## Task prompt
Will you output the entries below exactly, skipping every image they contain?

#### Supplied records ####

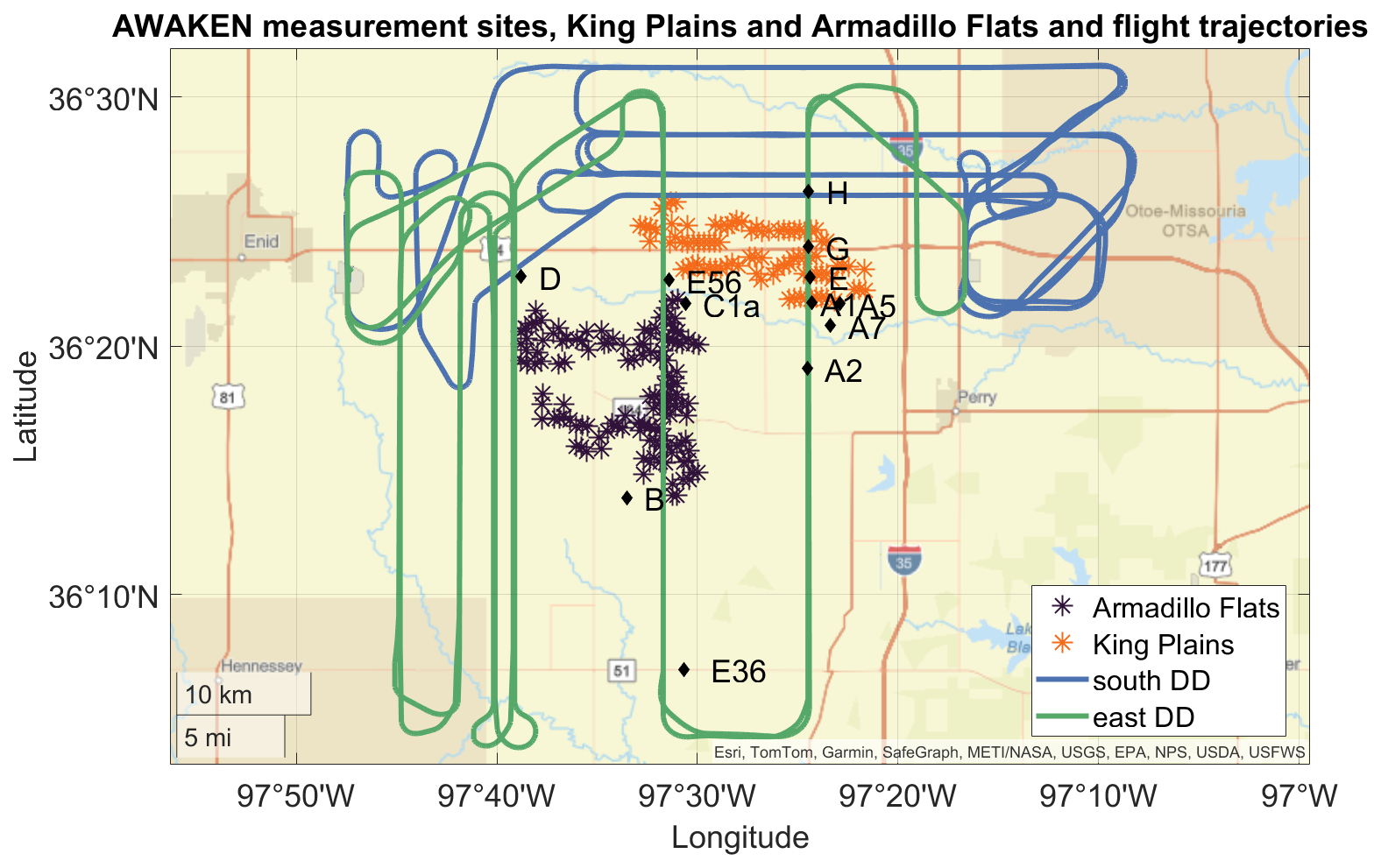 Figure 1Map of the Armadillo Flats (purple stars) and King Plains (orange stars) wind farms showing the flight trajectories of the research aircraft for Flight 20 for south (blue) and Flight 13 for east (green) wind directions (DD), along with the ground-based measurement sites (black diamonds).
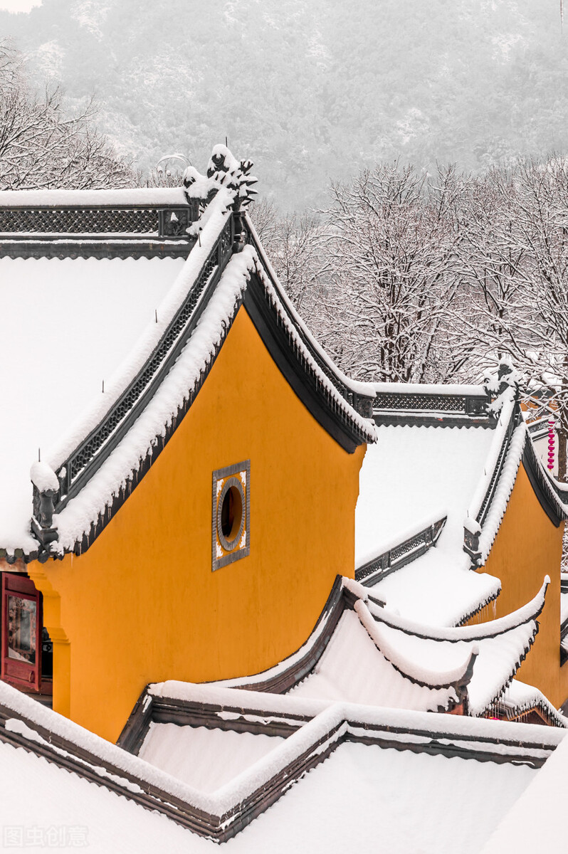 大雪尘封万物,而千年古刹的悠扬钟声与阵阵梅香,却在雪中飘散开来。
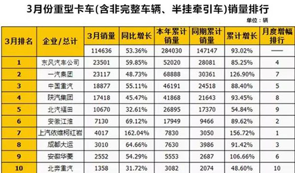 3月重卡銷(xiāo)量排行:東風(fēng)取代一汽居首
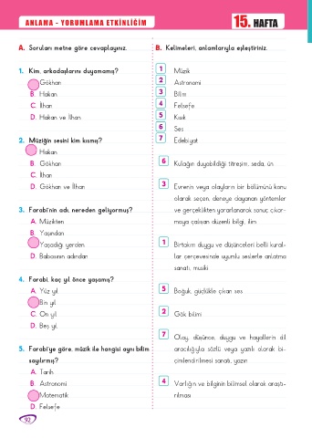 A. Soruları metne göre cevaplayınız. B. Kelimeleri, anlamlarıyla eşleştiriniz.
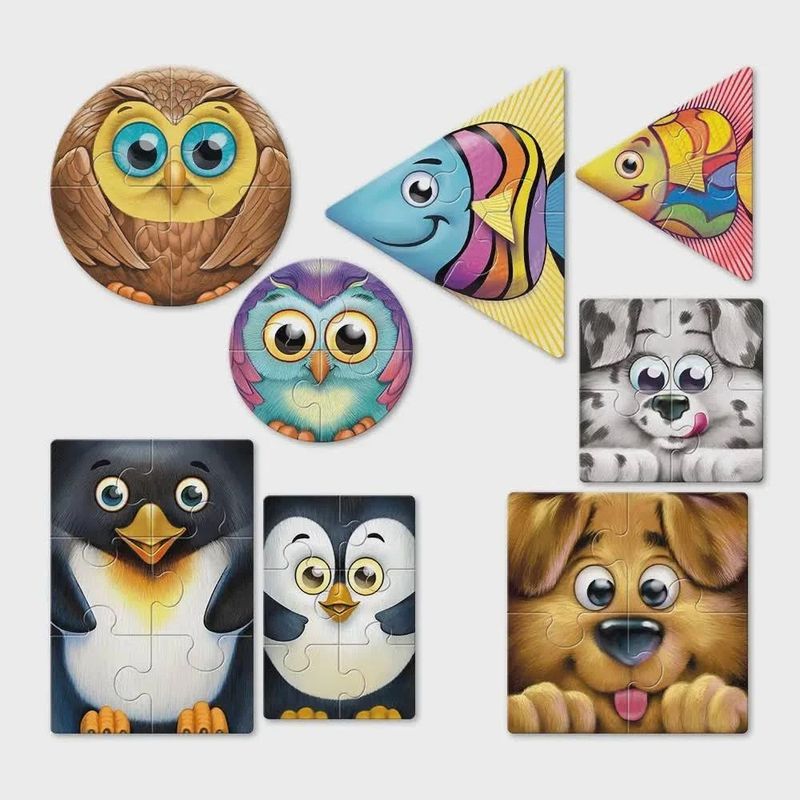 São 8 quebra-cabeças independentes, que representam as 4 formas básicas, em dois tamanhos. Cada forma é representada por uma dupla de animais, sendo um adulto e, o outro, filhote.
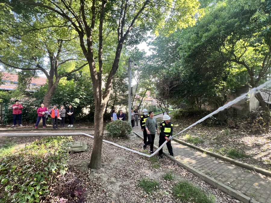 3月16日的深夜,金山区石化街道金卫三组2015号的空置厨房突然窜出滚滚浓烟,焦糊味刺破夜空。刚出门的李发诗一声“着火了”的呼喊,瞬间撕开了社区的宁静。住在隔壁的何军抄起灭火器冲上前,罗群英在浓烟中摸索着打开消防器材箱,三人毫无畏惧,动作流畅得如同排练过千百次——拔销、握管、压把,白色干粉如巨龙般扑向火舌。邻居们接力传递的水盆泼出一道道弧线,3分钟后,火焰在焦黑的废墟上偃旗息鼓。
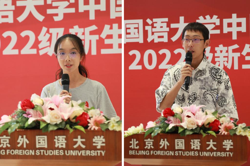姚琼斐同学和丁俊峰同学分别作为本科生、研究生在校生代表发言。姚琼斐回答了“为什么在外语院校学中文”的问题,介绍了中文系学生的“三宝”——良师、益友和良好的读书习惯,表达了身为中文学子的自豪;丁俊峰希望新生以目标之心、平和之心和开拓之心迎接新的身份,互相学习,共同成长。
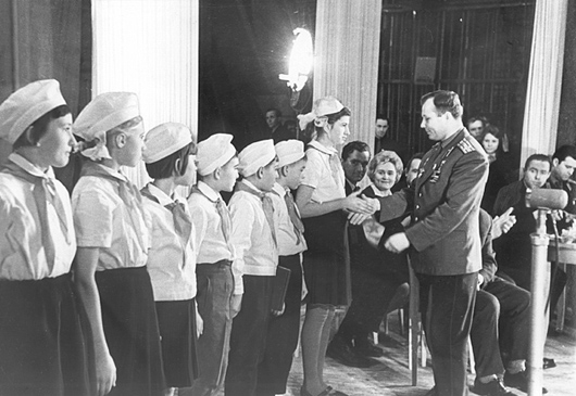 Пионеры приветствуют Ю.А. Гагарина в ДК им. С.М. Кирова. Декабрь 1965 г. / Pioneers are greeting Y.A. Gagarin. 1965
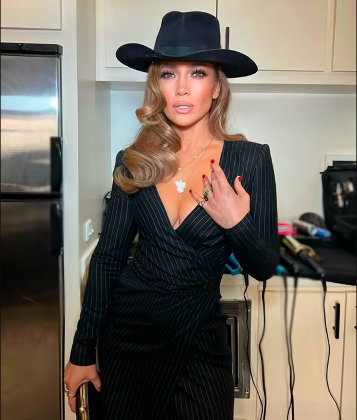 Su elección fue un vestido negro a rayas muy escotado como varias veces la vemos luciendo sus atributos. La cantante, actriz y empresaria agregó algunos accesorios que le dieron un estilo mucho más interesante. Tacones negros Christian Louboutin que son conocidos por ser bastante incómodos pero ella los manejó como toda una experta, un gran collar con dije blanco y la pieza statement fue un sombrero vaquero en tono obscuro complementando su peinado con ondas muy abiertas.
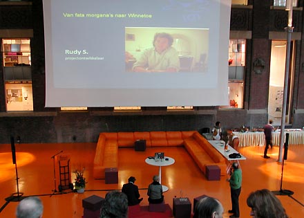 Na de lunch sprak de innovatieve ontwikkelaar Rudy Stroink [eigen introductie: Rudy S.] over de toekomst van de architect; zelf ook immers opgeleid aan deze faculteit als architect, maar al snel vertrokken naar de USA en mede daar fortuin gemaakt als projectontwikkelaar. In een glashelder verhaal over de crises vanaf 1928, via 1982 naar 2008 ['in bijna elke crisisjaar kom je wel een 2 en een 8 tegen...'] beschreef hij de wisselende - ook financiele - verhoudingen tussen opdrachtgevers, de overheid, de architect en de klant en hij besloot zijn verhaal met een enkele voorspelling over de toekomst, in zijn geval dan begrijpelijk het jaar 2028. Vooral zijn actuele visie op projectontwikkeling maakte indruk; hij stelt voor dat op 'incrementele' wijze te doen. Dat wil zeggen: investeren in bestaande grote complexen en die stapsgewijs en over een langere periode door kleine ingrepen te verbeteren en zo langzaam maar zeker nieuwe waarde te creeeren. In dat kader zag hij vooral een goede toekomst voor landschaps- en interieurarchitecten.
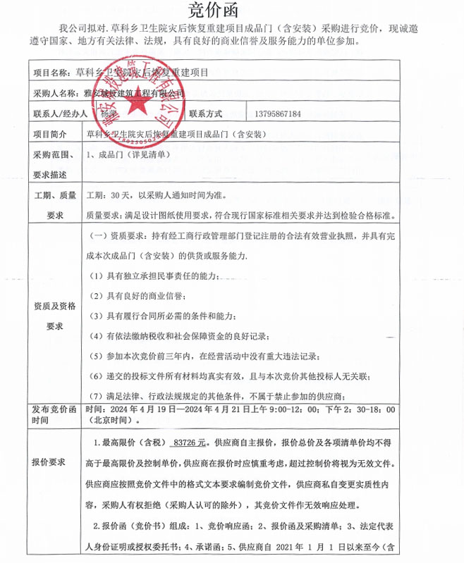 草科鄉(xiāng)衛(wèi)生院災(zāi)后恢復(fù)重建項(xiàng)目成品門(含安裝)采購競價(jià)公告
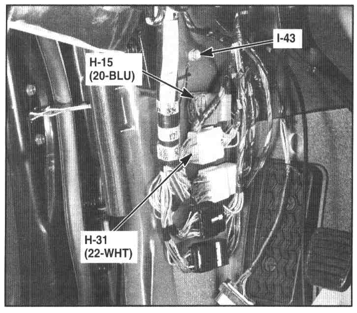 Behind left kick panel
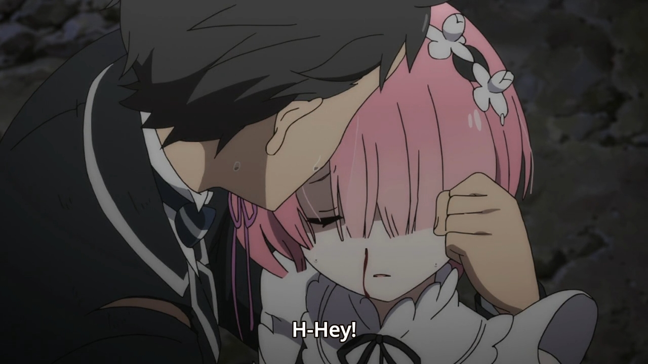 — But again, the mission is to have our cute maid smile again or some dumb anime bullshit, so Subaru chucks Ram right at her sister.
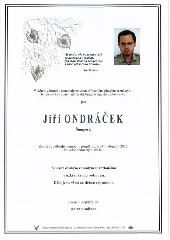 | Jiří Ondráček | 1960 | 24.11.2025 | Šumperk | bez obřadu |
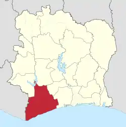 На северо-западе граничила с областью Муайен-Кавелли, на севере с областью Верхняя Сасандра, на северо-востоке с областью Фромаже, на востоке с областью Сюд-Бандама, на западе с Либерией. На юге омывается водами Гвинейского залива.
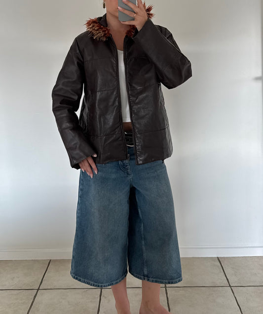 Læderjakke med pels
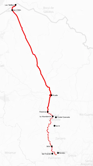 - ↑ Hernández, Carlos. "Lista nueva vía que ahorrará 1 hora para viajar de Ciudad Quesada a Florencia, ¿cuál es la ruta?". Retrieved 14 September 2019.
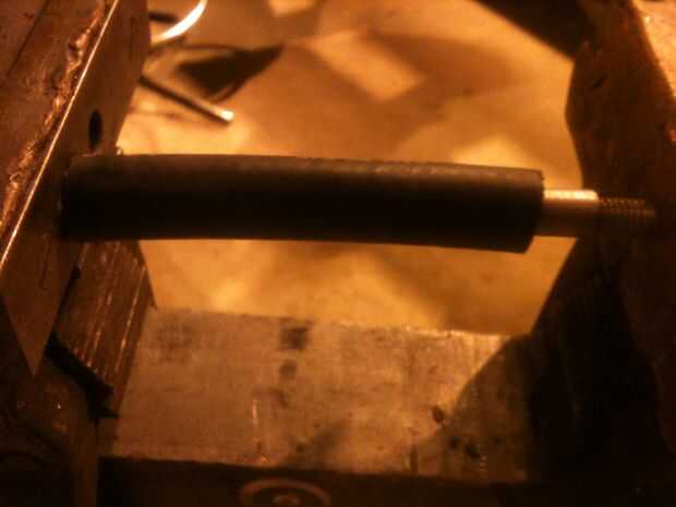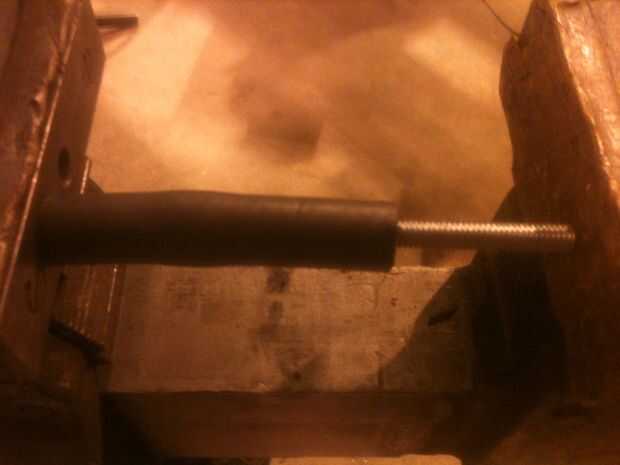 Ojala te tuviera un hilo extra todos desde el leadscrew poner alrededor, enrosque la tuerca en este y presione la manguera con un tornillo de banco. Recomiendo usar el hilo de todos como una guía cuando se presiona la tuerca de la manguera al tener el hilo de todo funcionamiento dentro de la manguera de modo que impide que la manguera de flexión. Apreto la tuerca en alrededor de una pulgada a la vez; cada vez que enhebrar el hilo todos a otra pulgada y apretando el tornillo hasta que ambos extremos para el hilo todos estaban tocando las mordazas de la prensa. Si la tuerca se ajusta libremente en la manguera utiliza una abrazadera para apretar la tuerca de la manguera. No hago esto a la mía sin embargo si encuentro alguna vez una situación donde hay una suficiente carga contra la tuerca del husillo que se mueve dentro de la manguera se terminan poniendo una abrazadera para evitar movimiento.
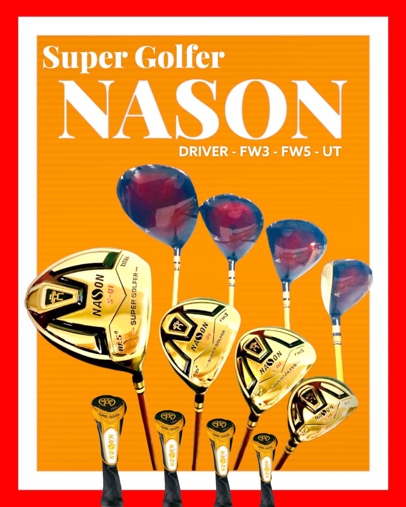 - Super golfer : Tay golf mạnh mẽ, chuyên nghiệp. SỞ HỮU BỘ GẬY GOLF NASON sẽ giúp bạn : Có được năng lượng vũ trụ - Hoà khí âm dương - Tĩnh lặng mà mạnh mẽ - Sự tận tâm và vươn lên. Nason Super SGS-02 "Your pro style"

####

## Answer to this problem
 Figure 1Map of the Armadillo Flats (purple stars) and King Plains (orange stars) wind farms showing the flight trajectories of the research aircraft for Flight 20 for south (blue) and Flight 13 for east (green) wind directions (DD), along with the ground-based measurement sites (black diamonds).
 大雪尘封万物,而千年古刹的悠扬钟声与阵阵梅香,却在雪中飘散开来。
 3月重卡銷(xiāo)量排行:東風(fēng)取代一汽居首
 A. Soruları metne göre cevaplayınız. B. Kelimeleri, anlamlarıyla eşleştiriniz.
 São 8 quebra-cabeças independentes, que representam as 4 formas básicas, em dois tamanhos. Cada forma é representada por uma dupla de animais, sendo um adulto e, o outro, filhote.
 3月16日的深夜,金山区石化街道金卫三组2015号的空置厨房突然窜出滚滚浓烟,焦糊味刺破夜空。刚出门的李发诗一声“着火了”的呼喊,瞬间撕开了社区的宁静。住在隔壁的何军抄起灭火器冲上前,罗群英在浓烟中摸索着打开消防器材箱,三人毫无畏惧,动作流畅得如同排练过千百次——拔销、握管、压把,白色干粉如巨龙般扑向火舌。邻居们接力传递的水盆泼出一道道弧线,3分钟后,火焰在焦黑的废墟上偃旗息鼓。
姚琼斐同学和丁俊峰同学分别作为本科生、研究生在校生代表发言。姚琼斐回答了“为什么在外语院校学中文”的问题,介绍了中文系学生的“三宝”——良师、益友和良好的读书习惯,表达了身为中文学子的自豪;丁俊峰希望新生以目标之心、平和之心和开拓之心迎接新的身份,互相学习,共同成长。
 Пионеры приветствуют Ю.А. Гагарина в ДК им. С.М. Кирова. Декабрь 1965 г. / Pioneers are greeting Y.A. Gagarin. 1965
 Su elección fue un vestido negro a rayas muy escotado como varias veces la vemos luciendo sus atributos. La cantante, actriz y empresaria agregó algunos accesorios que le dieron un estilo mucho más interesante. Tacones negros Christian Louboutin que son conocidos por ser bastante incómodos pero ella los manejó como toda una experta, un gran collar con dije blanco y la pieza statement fue un sombrero vaquero en tono obscuro complementando su peinado con ondas muy abiertas.
 Na de lunch sprak de innovatieve ontwikkelaar Rudy Stroink [eigen introductie: Rudy S.] over de toekomst van de architect; zelf ook immers opgeleid aan deze faculteit als architect, maar al snel vertrokken naar de USA en mede daar fortuin gemaakt als projectontwikkelaar. In een glashelder verhaal over de crises vanaf 1928, via 1982 naar 2008 ['in bijna elke crisisjaar kom je wel een 2 en een 8 tegen...'] beschreef hij de wisselende - ook financiele - verhoudingen tussen opdrachtgevers, de overheid, de architect en de klant en hij besloot zijn verhaal met een enkele voorspelling over de toekomst, in zijn geval dan begrijpelijk het jaar 2028. Vooral zijn actuele visie op projectontwikkeling maakte indruk; hij stelt voor dat op 'incrementele' wijze te doen. Dat wil zeggen: investeren in bestaande grote complexen en die stapsgewijs en over een langere periode door kleine ingrepen te verbeteren en zo langzaam maar zeker nieuwe waarde te creeeren. In dat kader zag hij vooral een goede toekomst voor landschaps- en interieurarchitecten.
 草科鄉(xiāng)衛(wèi)生院災(zāi)后恢復(fù)重建項(xiàng)目成品門(含安裝)采購競價(jià)公告
 Behind left kick panel
 — But again, the mission is to have our cute maid smile again or some dumb anime bullshit, so Subaru chucks Ram right at her sister.
 | Jiří Ondráček | 1960 | 24.11.2025 | Šumperk | bez obřadu |
 На северо-западе граничила с областью Муайен-Кавелли, на севере с областью Верхняя Сасандра, на северо-востоке с областью Фромаже, на востоке с областью Сюд-Бандама, на западе с Либерией. На юге омывается водами Гвинейского залива.
 Læderjakke med pels
 - ↑ Hernández, Carlos. "Lista nueva vía que ahorrará 1 hora para viajar de Ciudad Quesada a Florencia, ¿cuál es la ruta?". Retrieved 14 September 2019.
 Ojala te tuviera un hilo extra todos desde el leadscrew poner alrededor, enrosque la tuerca en este y presione la manguera con un tornillo de banco. Recomiendo usar el hilo de todos como una guía cuando se presiona la tuerca de la manguera al tener el hilo de todo funcionamiento dentro de la manguera de modo que impide que la manguera de flexión. Apreto la tuerca en alrededor de una pulgada a la vez; cada vez que enhebrar el hilo todos a otra pulgada y apretando el tornillo hasta que ambos extremos para el hilo todos estaban tocando las mordazas de la prensa. Si la tuerca se ajusta libremente en la manguera utiliza una abrazadera para apretar la tuerca de la manguera. No hago esto a la mía sin embargo si encuentro alguna vez una situación donde hay una suficiente carga contra la tuerca del husillo que se mueve dentro de la manguera se terminan poniendo una abrazadera para evitar movimiento.
 - Super golfer : Tay golf mạnh mẽ, chuyên nghiệp. SỞ HỮU BỘ GẬY GOLF NASON sẽ giúp bạn : Có được năng lượng vũ trụ - Hoà khí âm dương - Tĩnh lặng mà mạnh mẽ - Sự tận tâm và vươn lên. Nason Super SGS-02 "Your pro style"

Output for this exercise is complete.